What growing up in my family business taught me that no MBA ever could.

Rachel Kenyon
4 min readJun 9, 2017

The most valuable business lessons I’ve ever learned didn’t come from college or an online course. They came from working in the family business. My parents started the business when I was 6 years old. As soon as my little hands and attention span were capable I was tasked with helping with mailings—something now heard much in today’s marketing world. Back then, we collated, stuffed, labeled and stamped our mailers, then we sorted them by zip code and carted them to the post office. I remember working on mailings at the kitchen table, and when we got a new kitchen table, my dad told me that I had helped pay for it. I was positively aglow. My older siblings could do many other tasks that I could not, but I had helped pay for the new table!

1. Every single person involved in your business is important, valuable and capable.

No matter how many people work with and for you, each one is an individual asset. All relationships should be reciprocal. Everyone should be treated with respect.

We had the greatest warehouse guy ever. He was “the warehouse guy” until the business grew and he became the “Warehouse Manager.” He took so much pride in packing each box you would have thought he had personally hand-made each item packed. When I did my time in the warehouse, he showed me how to do this crunch/fold/tuck thing with the packing paper so nothing would get bent. My dad told him that he was the final say, the final touch to what our customers would get and that he was one of the most important people in the chain that linked manufacture to end user. Our warehouse guy took such good care that people at trade shows asked us about him. My dad had let him know how important his role was, he acted accordingly and the customers loved him! He worked with my parents company until they retired.
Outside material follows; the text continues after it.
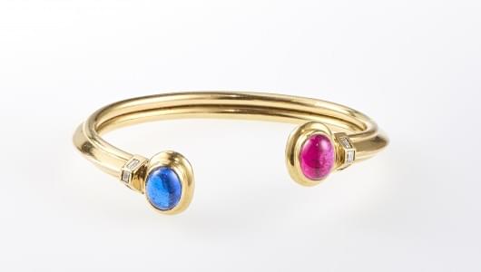3327. Bracelet jonc ouvert serti d'un saphir et d'un rubis en cabochon...

So, check yourself on this: Do you treat everyone you work with in a way that lets them know they are important? Do you thank them and encourage them? Do you teach them and learn from them? Do you listen to them and talk with them? If you do, you’ll build a work family that cares as much as you do, sticks with you and grows with you, until you all retire and celebrate in Hawaii.

2. Know why you are doing it, and know if it’s worth it.
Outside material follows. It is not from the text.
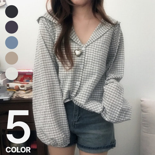 입꼬 / 모르간 체크 루즈핏 후드 셔츠 바람막이 5color

As a rule, work is not a cake-walk. Just think of how much time and energy you give to your career. If the work is not satisfying in some way, you are bound to become unhappy and might miss out on the best parts of life.

Consider each client or project. Are you doing it for a good reason? If the money is great, it can be worth it even if you don’t really enjoy the time spent. It’s okay to “do it for the money” as long as you recognize that, and can stop if the downsides begin to outweigh the paychecks and security.

If the money isn’t great, but the contacts or recognition will lead to things you want, consider it an investment in your career. That’s worth a lot!

And if the money stinks and there is really nothing to gain, but you just love the people and the energy around the project, well, that may be the most valuable job to do!

So, check yourself on this: Do all your clients and/or projects fulfill something for you? You give a lot of yourself to your work, so if there are things you are doing that are not worth it, replace them with things that are!

My dad is a true salesman. Not in an obnoxious, just-get-him-to-leave way. During his career, my dad was a master at listening, talking, and getting to the root of what each customer needed. And if he didn’t sell what they needed, he’d find them someone who did and make the connection before moving on. If nobody made what the customer needed, he’d invent it, manufacture it, and call them back to offer it.

3. There is no such thing as a small (or big) customer.

They are all customers, but more importantly, they are all people.

I used to hang out after 5pm, listening to my dad on the phone. I learned so much just listening to him talk and watching him listen. He gave just as much time, interest, energy and care to a school teacher with a $200 budget as he did a corporate event producer with a $1,000,000 budget. For that teacher, his high school play was just as important as Disney’s next movie launch. Maybe more so.

Treat every person you speak with, sell to, and provide service for with equally great care and attention.

My dad told me that every teacher had dozens of students and every one of those students was a potential friend, customer, future game changer of the world. Everyone has equal value.

So, check yourself on this: How do you measure the value of each customer and potential customer? Your answer should be, “I don’t.”

There is no measure of value because everyone is equally valuable and has equally unlimited potential as a customer—and as a friend. It’s important not to be greedy with your time and attention. Give it freely.